The decision will also remove liability from the bank in certain fraudulent transactions even if the proper loan processing procedures were not followed.

The case, Spiliotopoulos v National Australia Bank Limited and Ors, saw the borrower allege that the individual who witnessed their signature on the mortgage did not in fact meet them and that their signature was forged, Louise Massey, partner at Dentons, told Australian Broker.

The ruling by the Supreme Court of NSW found an individual’s claim to be a registered proprietor at Land and Property Information (LPI) can be challenged in the event that a bank had knowledge of or participated in the fraud in the first place, Massey explained.

Spiliotopoulos, the borrower, said that the bank had been aware of the alleged fraud; a claim which the court dismissed due to lack of evidence.

“When the bank looked at the mortgage, it seemed to have followed all the proper procedures. There was nothing in the document that would have put the bank on notice. The bank wasn’t a participant in the fraud, so it couldn’t be attributable to the bank in any way,” Massey said.

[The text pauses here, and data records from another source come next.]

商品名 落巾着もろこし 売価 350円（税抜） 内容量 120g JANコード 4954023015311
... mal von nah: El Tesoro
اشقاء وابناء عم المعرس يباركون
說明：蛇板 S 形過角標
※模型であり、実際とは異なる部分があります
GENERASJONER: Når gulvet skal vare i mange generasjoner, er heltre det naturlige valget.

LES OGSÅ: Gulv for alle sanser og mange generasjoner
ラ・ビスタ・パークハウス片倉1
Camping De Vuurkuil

The decision means that even if a bank did not completely follow proper procedures stated by its internal policies, it still would not be responsible for fraud in this particular type of case as they had no notice of fraud and therefore could not be liable, she added.

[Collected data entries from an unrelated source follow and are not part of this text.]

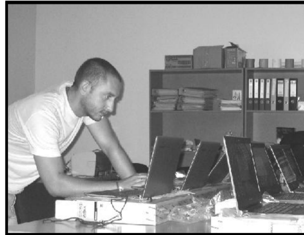
პირველკლასელთათვის განკუთვნილი კომპიუტერული პროგრამების ჩატვირთვა.

საქართველოს განათლებისა და მეცნიერების სამინისტროს მიერ დაწყებულია ორი ახალი სკოლის მშენებლობა. კერძოდ, კასპის ისტორიული №1 საჯარო სკოლის საძირკველზე აშენდება თანამედროვე სკოლის შენობა, რაც დაგვეთანხმებით, მნიშვნელოვანი სიახლე იქნება. ასევე დაგეგმილია სოფელ თვალადის ახალი სკოლის მშენებლობა, ხაზგასმით უნდა აღინიშნოს კასპის მუნიციპალიტეტის გამგებლის ბატონ გონა გოჩიტაშვილის სრული მხარდაჭერა და დახმარება ახალი სკოლების მშენებლობისა თუ სხვადასხვა პრობლემის მოგვარებაში, რისთვისაც მადლობას ვუხდით.
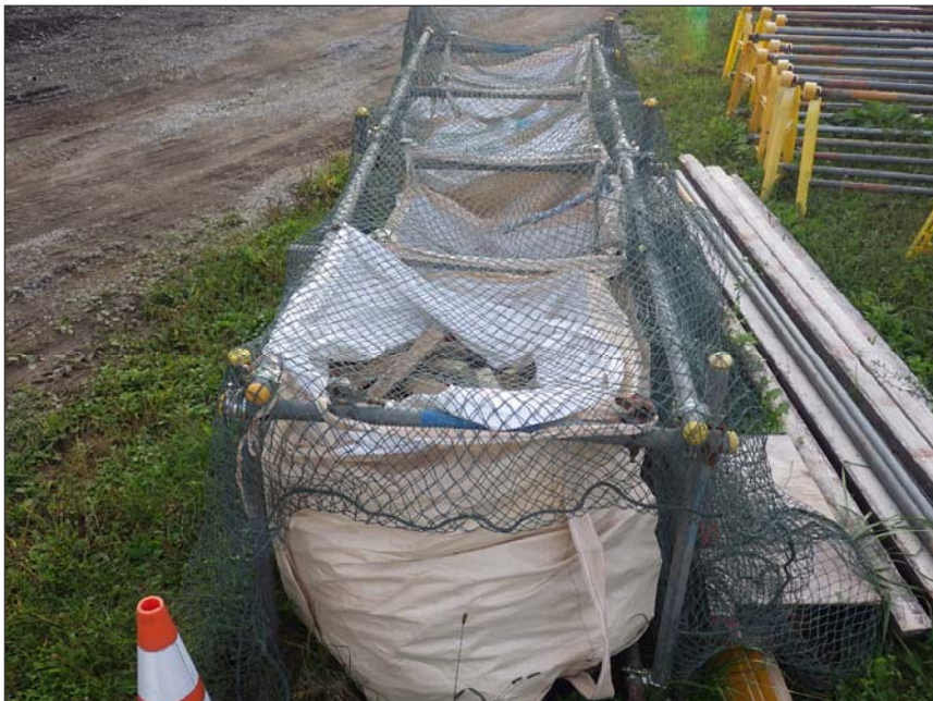
写真区分:環境対策 工種:現場でのゴミの分別 写真タイトル:分別状況写真 撮影箇所:現場事務所外部
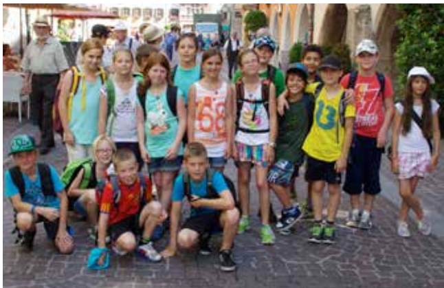
Die Volksschul-Abschlussklasse 2012/13

Damit am Ende der 4 Jahre Volksschule eine Innsbruckfahrt und sonstige gemeinsame Aktivitäten gemacht werden konnten, eröffneten wir in der 2. Klasse ein Sparbuch. Die Erlöse aus Kuchenverkauf an den Elternnachmittagen, gesunde Jause usw. wurden auf dieses Sparbuch eingezahlt. Durch die Mithil-
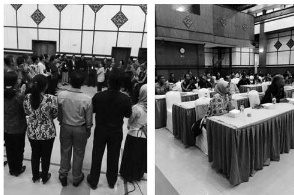
Gambar 5. Penyelenggaraan Workshop Pendidikan Lingkungan Bagi Stakeholder Kebun Raya “Eka Karya” Bali 2015
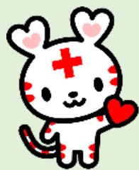
日本赤十字社マスコット キャラクター ハートラちゃん
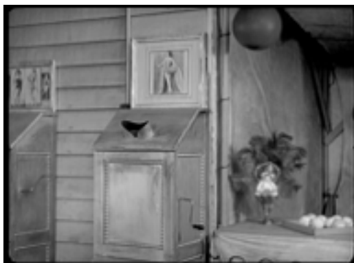
Photogramme du Cirque
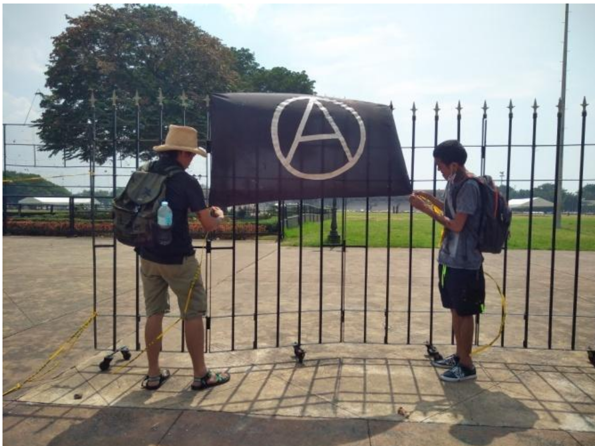
Figure 8. Mga nagpa-FNB na nagkakabit ng bandila ng Anarkismo sa Luneta Park sa Manila, September 21, 2017
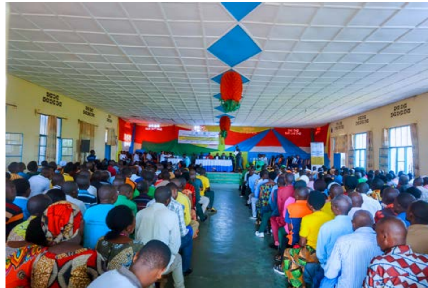
Dans les districts il y avait des foules de la population de différentes catégories et donnaient des objections et appréciation sur la vulgarisation de la loi
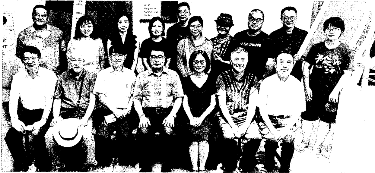
圖：臺東大學南島文化博士班揭牌儀式，會後大合照。
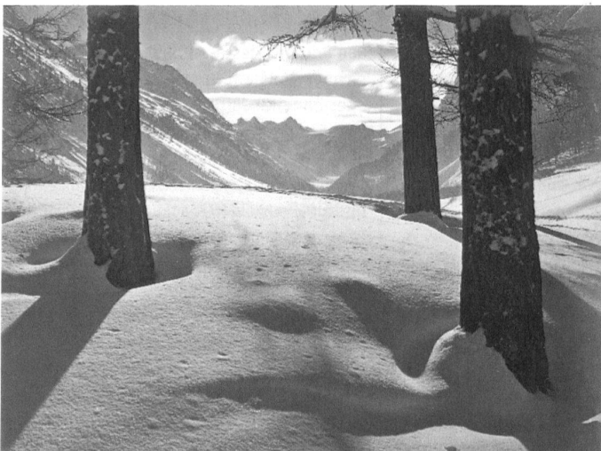
Albert Steiner, Winterlandschaft, undatiert. (Bündner Kunstmuseum Chur; © Bruno Bischofberger, Meilen)

bis 18. September 2005, Di–So, 10–17 Uhr, Do 10–20 Uhr. Bündner Kunstmuseum Chur, Postplatz, 7002 Chur, Tel. 081 257 28 68, www.buendner-kunstmuseum.ch
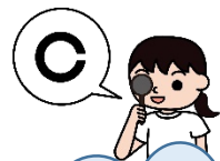
4月視力検査の結果
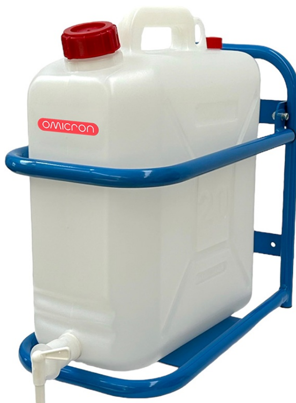
FUSTO 20 LITRI CON RUBINETTO CON SUPPORTO CODICE 2000.56
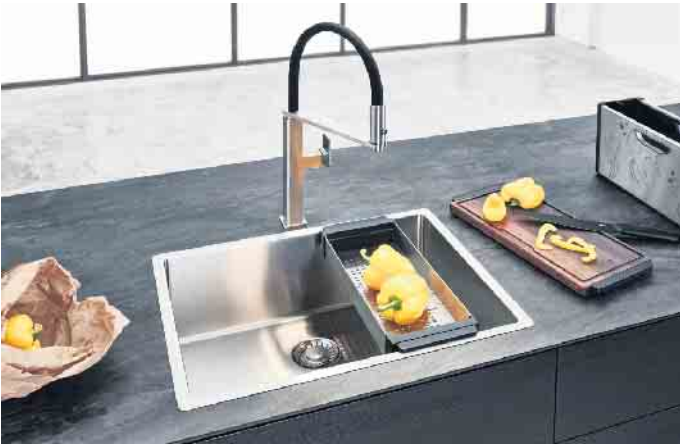
Nach ihrem Einsatz kommen Abtropfbecken, Messerblock, Schneidbretter und Abtropfgitter sicher und nahezu unsichtbar verstaut wieder zurück in die Design-Box. Die mit höchster Präzision gefertigte Edelstahlspüle wirkt mit ihrem filigranen, nur 6 mm schmalen Rand elegant und zeitlos.

Lebensmittel stellt man sie auf der Arbeitsplatte ab. Wird das Zubehör nicht mehr benötigt, kommt alles wieder in die Box und die dann wiederum ins Spülbecken. Komfortabel und praktisch sind auch die neuen Einlegeelemente. Im Nu ist damit eine zweite Ebene im Spülbecken schnell, einfach und flexibel realisiert: z.B. anhand einer Matte mit breiten Metallstegen, die jeweils an ihren Enden in Silikon eingefasst sind. Darauf findet alles sicheren Halt. Wird die Matte nicht mehr benötigt, lässt sie sich mit einem Handgriff aus dem Spülbecken herausnehmen und auf der Arbeitsplatte als zusätzliche mobile Abstellfläche für Gläser, Geschirr, Töpfe & Co. nutzen. Andere Spülenmodelle sind mit einer integrierten kleinen Stufe im Becken ausgestattet. Sie ermöglicht das Einhängen und Auflegen diverser Zubehörelemente wie z.B. Funktionsschalen und Gastronorm-Behälter. Extragroße oder extratiefe Becken - und das gilt selbst bei so manchen raumsparenden Spülenmodellen

“The failure from banks to follow their own policies and procedures might trigger some other legal actions against the bank, but that wasn’t the case here.”

From the lender’s point of view, this was a very good decision as it provided protection against fraud allegations, Massey said.

However if the banks weren’t going to be held liable in these cases, this may mean that fraudsters had more scope to get away with it, she added.

“In a lot of cases like this, the fraudster is liable. The difficulty you have is sometimes fraudsters are people who operate in very sophisticated setups. It’s often very difficult to attempt to actually find them and charge them. Often they go missing in action.”

“When something like this occurs and the bank’s not responsible, who gets caught with the liability? Where does the liability or the loss fall? It doesn’t fall with the bank. If you can’t find and charge the fraudster then the loss is ultimately borne by the innocent party. Sometimes, that’s just the way it plays out.”

Massey also pointed to the move towards digital mortgages as an area to watch.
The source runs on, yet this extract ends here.